FASEA, Financial Planning

RPL useful for adviser retention

RPL advisers

Greater recognition of prior learning should be used to retain advisers rather than forcing them to choose between quitting or extensive study.

The recognition of prior learning (RPL) of experienced advisers could be used as a way to retain more of them within the advice sector and avoid the need for them to fully retrain to meet incoming professional and education standards, according to the Labor Party.

Speaking at the recent Association of Financial Advisers (AFA) Hybrid Conference 2021, opposition financial services and superannuation spokesman Stephen Jones said more could more be done with RPL in relation to experienced advisers.

“I absolutely agree more could be done in this area,” Jones said.

“RPL is a technique that is used across a range of professions and the reason for doing further education is to make the transition from where we were to where we need to be as a profession and ensure the workforce has the skills, knowledge and ethical disposition. RPL is necessary to fulfil the task.

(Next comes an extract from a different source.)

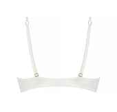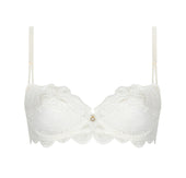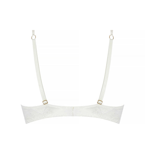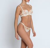 Top cup with scalloped embroidery and multi-thread guipure, bottom cup in coordinated lace. Scalloped embroidered bra-band enhanced in the center with a cut-out in tulle and embroidery, highlighted with a gold rhinestone jewel. The back center is enriched with a lace cut-out. The front straps are accentuated with a gold rhinestone jewel.

“If advisers already have those, it is an immense waste of public and private resources to send those people back to do a degree-level course if there is a more efficient means to recognise and measure their existing skills and knowledge in this area.”

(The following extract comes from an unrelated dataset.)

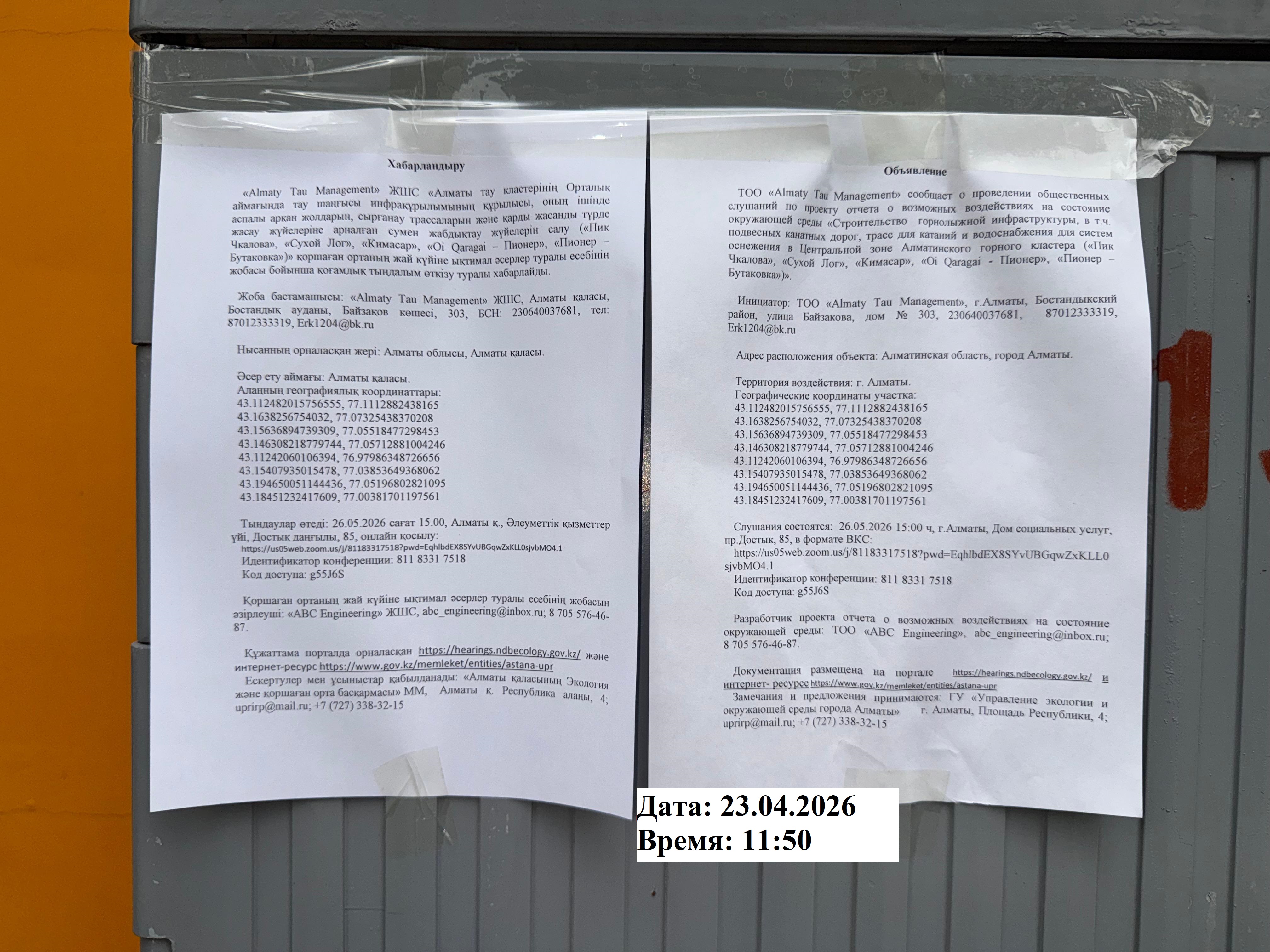 6. Объявление о проведении общественных слушаний на казахском и русском языках будет распространено следующими способами:

He made the comments in reply to a question from AFA policy and professionalism general manager Phil Anderson, who responded: “I think that is a comment that will be warmly received by a number of advisers who are making the decision as to whether they stay or go.”

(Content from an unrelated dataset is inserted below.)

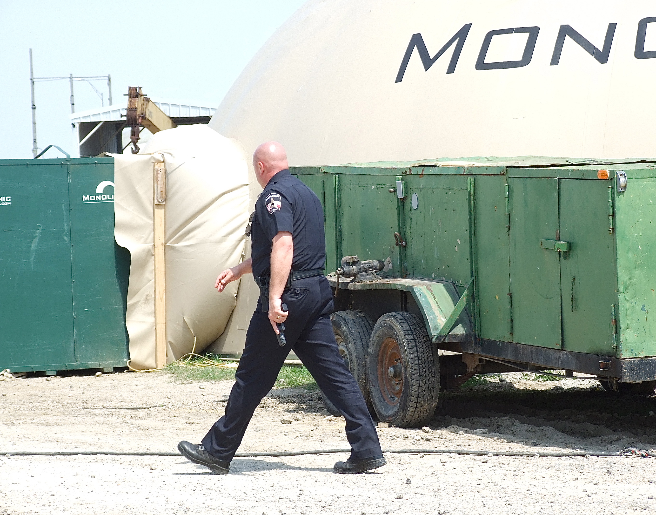 Italy Police Chief Diron Hill has his sidearm drawn as the search for a suspect on the run continues at the headquarters of Monolithic Constructors, Inc. in Italy. (Barry Byers)

In the same session, Jones gave his support for separate education programs for specialist advisers and said the lack of that recognition under the Financial Adviser Standards and Ethics Authority (FASEA) education model ran counter to the Future of Financial Advice legislation, which recognised specialised advice.

He also offered his continued support for legislation, currently held up in the Senate, that will create an extra adviser exam sitting in mid-2022 for any adviser who has unsuccessfully sat two FASEA exams before the end of this year.

“We don’t vote differently in the House and the Senate. If we form a view on something, we form that view and we support that position,” he said.